Entries taken from a collection:
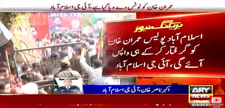 دوسری جانب آئی جی اسلام آباد کے دعوے کے برعکس پولیس کی ٹیم نوٹس وصول کرانے کے بعد زمان پارک سے واپس لوٹ گئی ہے۔
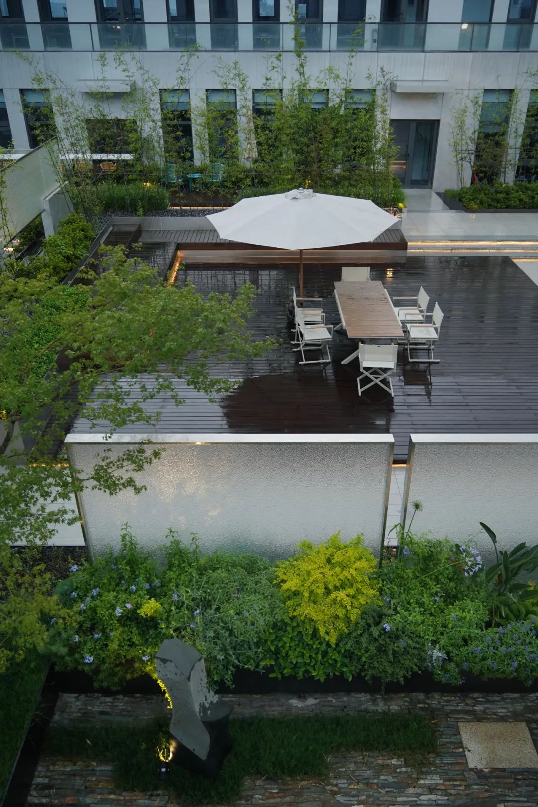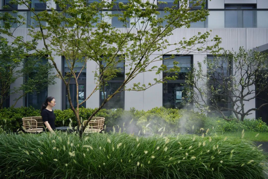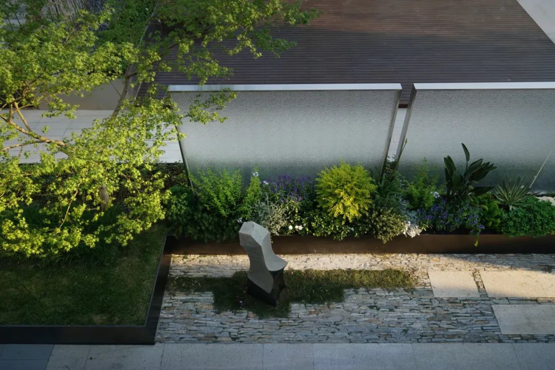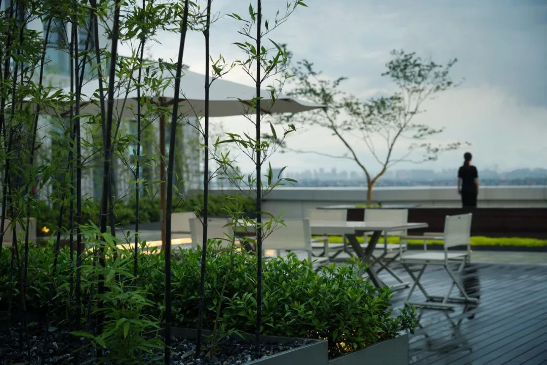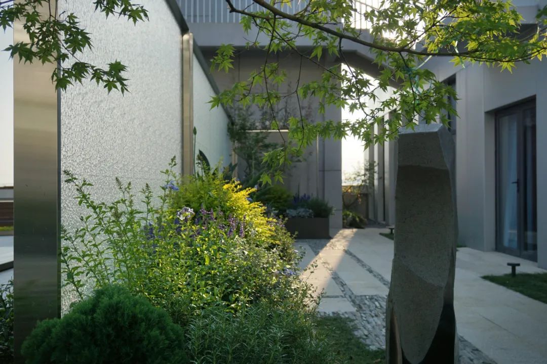这个项目最满意的点是光照与竹子,花境,玻璃之间的光影关系。纵向线条与横向线条的碰撞关系还有平台,台阶,树池之间的高差关系。
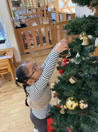 今日は子どもたちとクリスマスツリーの飾り付けを行いましたよ♪
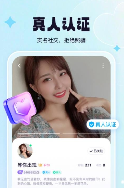 2、为保障用户安全,相觅APP推出视频认证功能,让用户可以通过视频认证方式证实自己的身份;
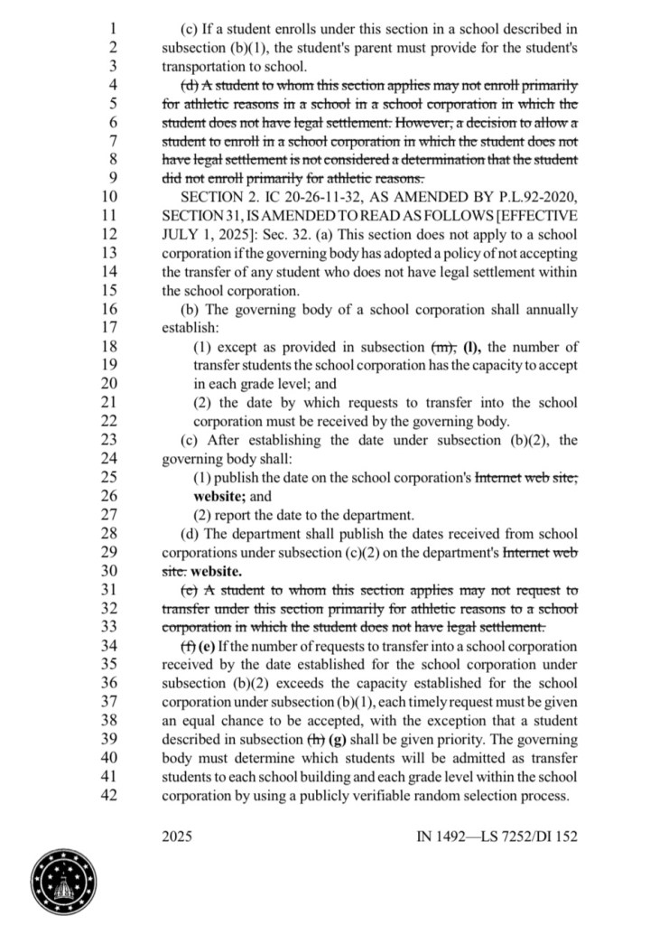 (1-14-25) The Indiana House will be discussing a bill that would drastically change the transfer rules in the Indiana High School Athletic Association (IHSAA).
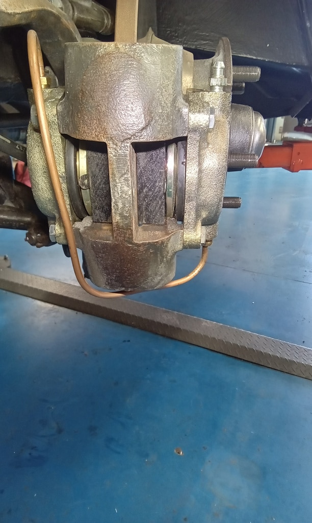 ‘Brakes staying on or hanging up. Pump pedal several times and check each wheel spins freely. Both fronts a little tight. Remove front wheels. Get will to hold pedal down and release. Strip and remove nearside pads and check pistons return . Tight to squeeze back but they do go back.’
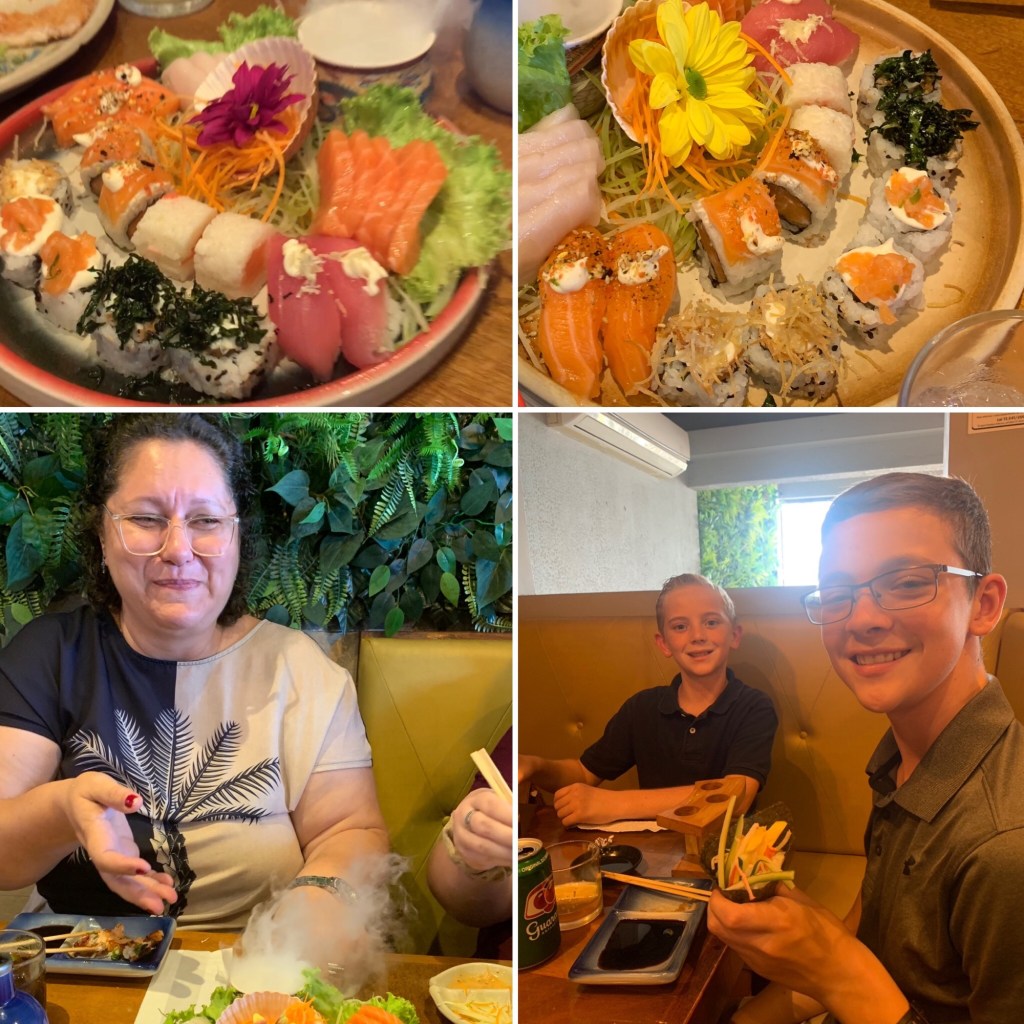 Tuck had chicken, like usual, but this time he ordered it with rice and “salad,” which he ate up. He said it was good but weird that his salad was warm. Ha! He ate cooked cabbage, carrots, and green onions and thought it was salad because that’s what Sarah called it. She’s like a big sister to them. I love it. After he was done eating it all, I told him what it was and he was like, “Yuck, I hate it.” Ha! This kid.
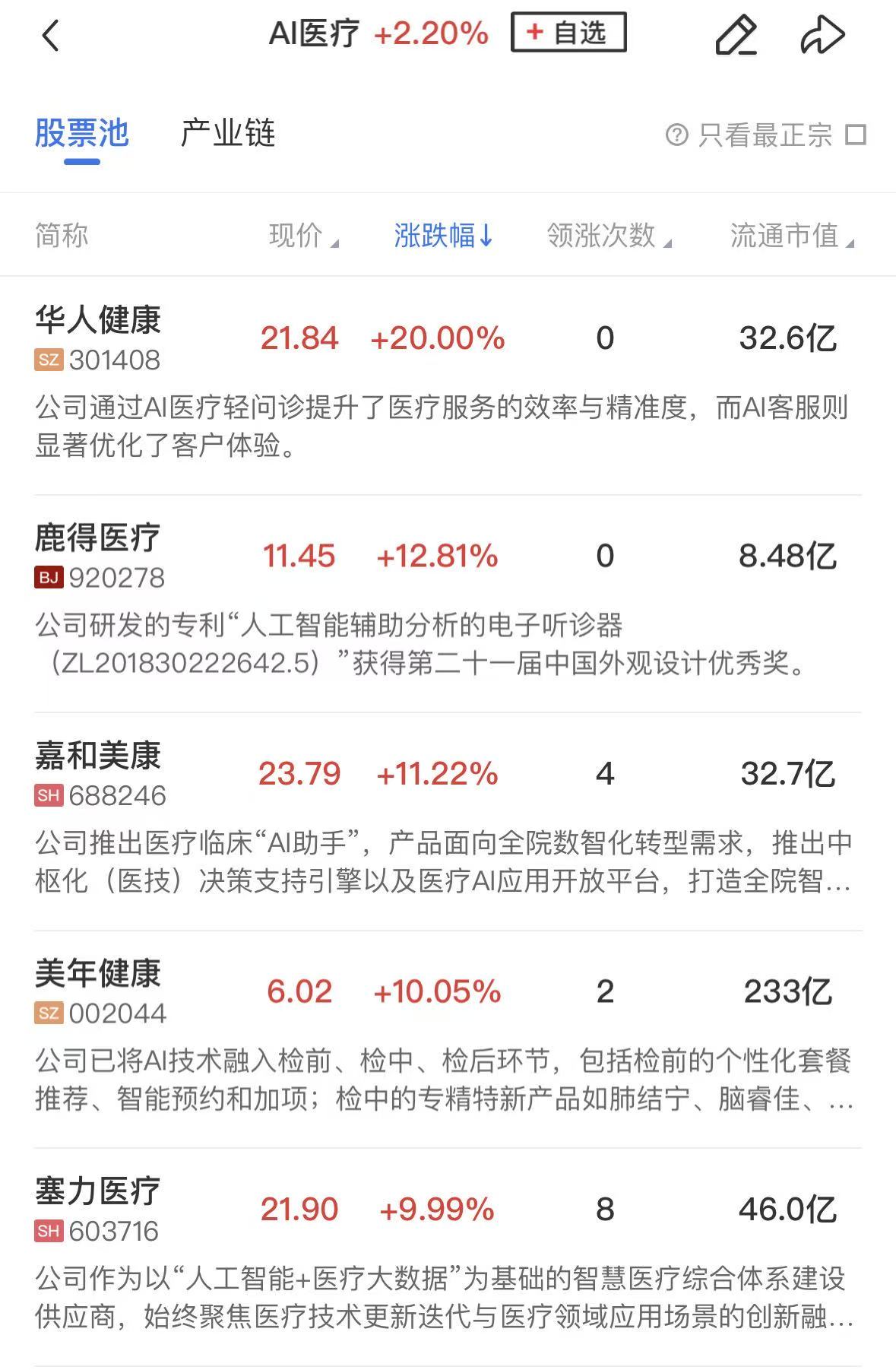 AI医疗概念同样震荡拉升,华人健康美年健康塞力医疗涨停,嘉和美康鹭燕医药思创医惠卫宁健康等涨幅居前。消息面上,12月16日,蚂蚁集团旗下AI健康应用“蚂蚁阿福”发布后下载量猛增,今日冲上苹果应用榜总榜第三位。据悉,“蚂蚁阿福”App月活用户规模已超1500万,每天回答用户500多万个健康提问。
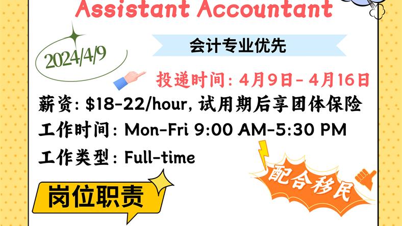 【168新岗】密西货代公司招聘Assistant Accountant 1名(可移民)

**TASK DESCRIPTION:**
Only the lines from the one holding "AI医疗概念同样震荡拉升,华" through the end of the data are to be printed, exactly as they stand and with no pictures.

**COMPLETED TASK:**
 AI医疗概念同样震荡拉升,华人健康美年健康塞力医疗涨停,嘉和美康鹭燕医药思创医惠卫宁健康等涨幅居前。消息面上,12月16日,蚂蚁集团旗下AI健康应用“蚂蚁阿福”发布后下载量猛增,今日冲上苹果应用榜总榜第三位。据悉,“蚂蚁阿福”App月活用户规模已超1500万,每天回答用户500多万个健康提问。
 【168新岗】密西货代公司招聘Assistant Accountant 1名(可移民)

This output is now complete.